Not until I grasped that concept the good father, provider and better H to my W did our marriage bloom into something very awesome. It takes work but the reward is astonishing.


----------



## Yeswecan (Jul 25, 2014)

Mamina said:


> I don't honestly know. I can't expect him to take better care of himself, if I don't do much neither. Taking fitness here. I used to exercise a lot, but not anymore. I should like him the way he is, should not I?
> He complains that I yell, I am not physical with him often enough, *that I obviously don't handle all woman's job as well as I should. *
> '


Just what are woman's jobs. Around my ranch all jobs can go both ways. Me or my W. However, cutting the grass(my W has offered) is not really something I would have my W do. Not because she can't, it is something I have always done.


----------



## bkyln309 (Feb 1, 2015)

I think alot of women fall into the trap of loving their kids more than their spouse. I have always held the belief that spouses come first followed by the children. The primary relationship is with your spouse. Sounds like you need to re-prioritize whom comes first between the two. Work on the marriage as much as you have put time in with your kids.


----------



## frusdil (Sep 5, 2013)

So many women put their children before their husbands...at their own peril. My (step)daughter complains that I put my husband before her, I'm not consciously aware of it but I probably do. She says "It's ALWAYS about what HE wants, never what *I* want!" teenagers, lol.

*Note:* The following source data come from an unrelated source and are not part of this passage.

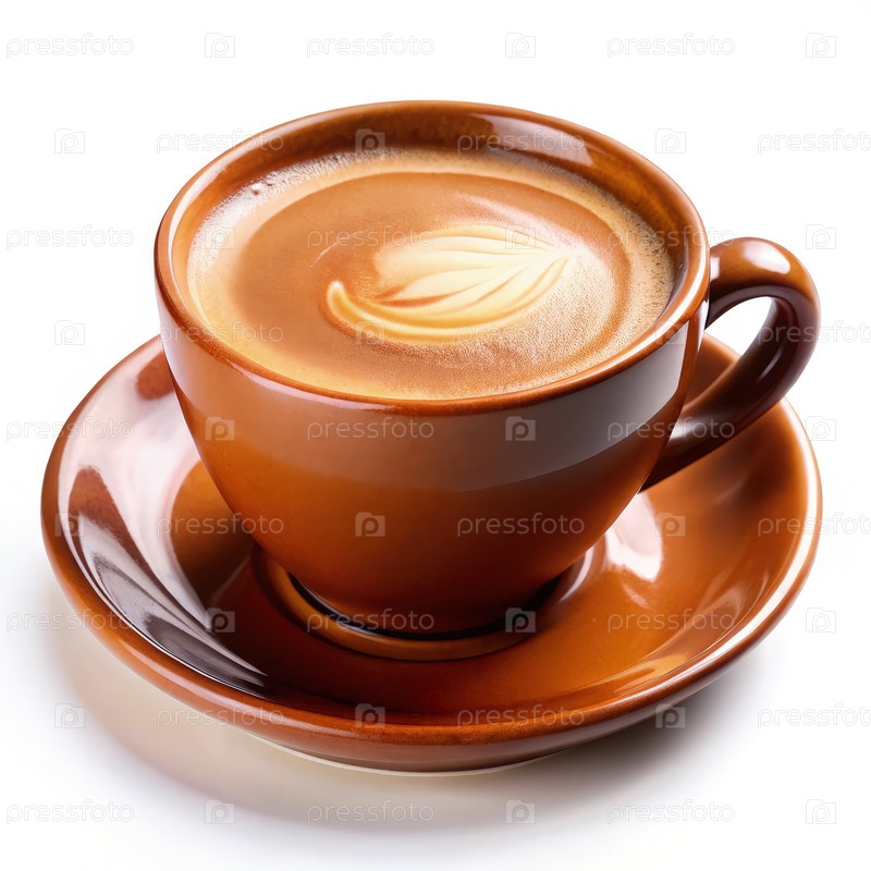 Красиво выполненная чашка для кофе с латте-арт на тарелке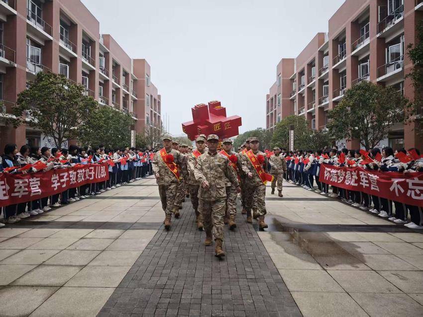 仪式结束后,随着指挥员的口令,新兵们迈着整齐矫健的步伐,依次通过“从戎门”。职教中心的师生和家长在两侧欢送新兵,表达对他们的祝贺、崇敬与不舍。一步踏过,便从普通青年转变为人民子弟兵;一步踏过,便将家乡的嘱托扛上肩头,将青春的梦想融入强军伟业。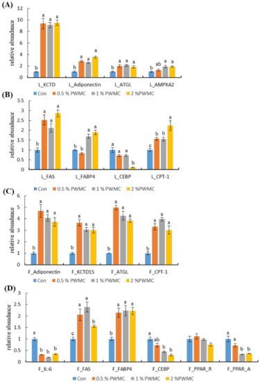 The mRNA expression of potassium channel tetramerization domain-containing 15 (KCTD-15), adiponectin, adipose triglyceride lipase (ATGL), and 5′-AMP-activated protein kinase catalytic subunit alpha-2 (AMPK-α2) were significantly increased in the livers (L) of the treatment groups (p < 0.0001, < 0.0001, =0.0024 and = 0.0015, respectively), thereby increasing the rate of adipolysis (Figure 2A). There was no significant difference among the PWMC-supplemented groups. Similar results are shown in Figure 2C, where the adipolysis-related mRNA, including adiponectin, KCTD15, ATGL, and carnitine palmitoyltransferase 1 (CPT-1) (all of the p < 0.0001), increased in adipocytes (F) by at least four times. However, the adipogenesis-related mRNA shown in Figure 2B, including fatty acid synthase (FAS), fatty acid binding protein 4 (FABP4), and CCAAT-enhancer-binding proteins-alpha (CEBPα), had a compensatory one to three times increase in the adipocytes (p < 0.0001, <0.0001 and = 0.0052) (Figure 2D). When comparing adipogenesis- and adipolysis-related mRNA, the relative abundance of adipolysis-related mRNA expression was much higher (Figure 2). Nevertheless, interleukin-6 (IL-6) mRNA expression in adipocytes decreased (p < 0.0001), thereby decreasing inflammation.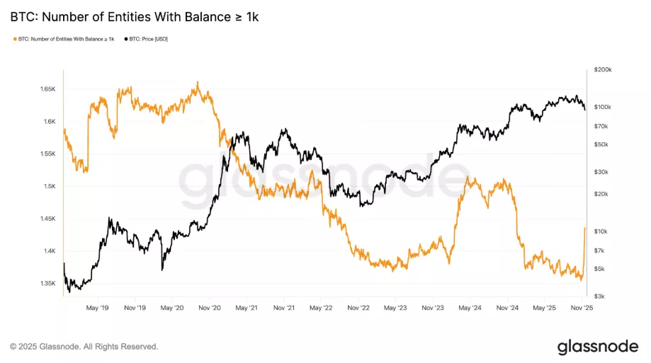 1,000BTC 이상 보유 지갑은 1,436개로 증가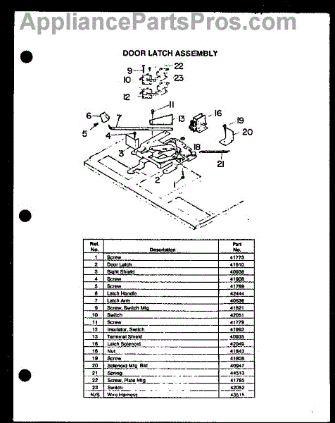 Parts for Amana ESS306-2D / ESS30602D: 04 - Door Latch Assy Parts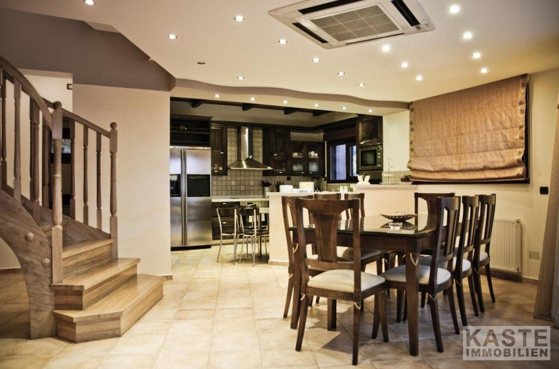Im Erdgeschoss befindet sich ein offener Wohn- und Essbereich mit Kamin für eine harmonische Wohnatmosphäre. Ein Heimkinosystem steht Ihnen für spannende Filmabende mit Freunden und mit der Familie zur Verfügung. Die offene Küche ist mit allen technischen Geräten voll ausgestattet.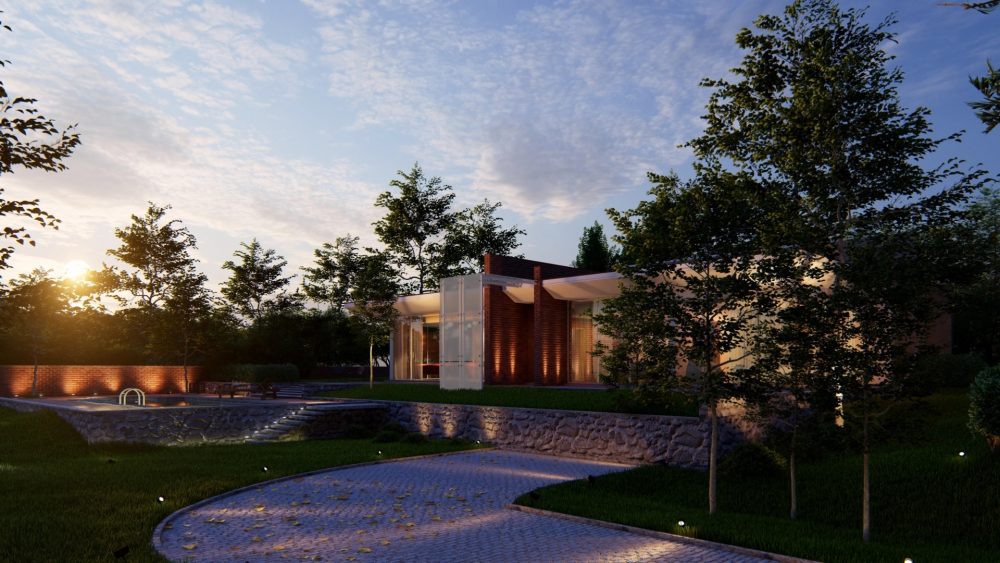 Villa en Casale es otro buen ejemplo de una diseño de vivienda residencial contemporánea rodeado por un entorno natural atractivo. En este proyecto, diseñado por el usuario de Lumion Marco Caccini, puedes aprender sobre los detalles más pequeños que dan vida a una vivienda residencial, como una disposición realista de plantas, arbustos, malas hierbas y árboles.

My husband is and will always be my number 1.

You and your husband need to sit down and communicate to each other about what you both need the other to do, to get your marriage back on an even keel. Ironically - you need to do this for your daughter.


----------



## Rocky Mountain Yeti (Apr 23, 2017)

Vinnydee said:


> In my much younger days I dated a few married women. They all said that their husband is a nice guy and father but they needed more. All but one ended up divorced. The one who is still married, is so only because her husband decided to look the other way rather than divorce. It takes a lot more than being a good father and man to keep a marriage together.


Only if your wife is devoid of integrity


----------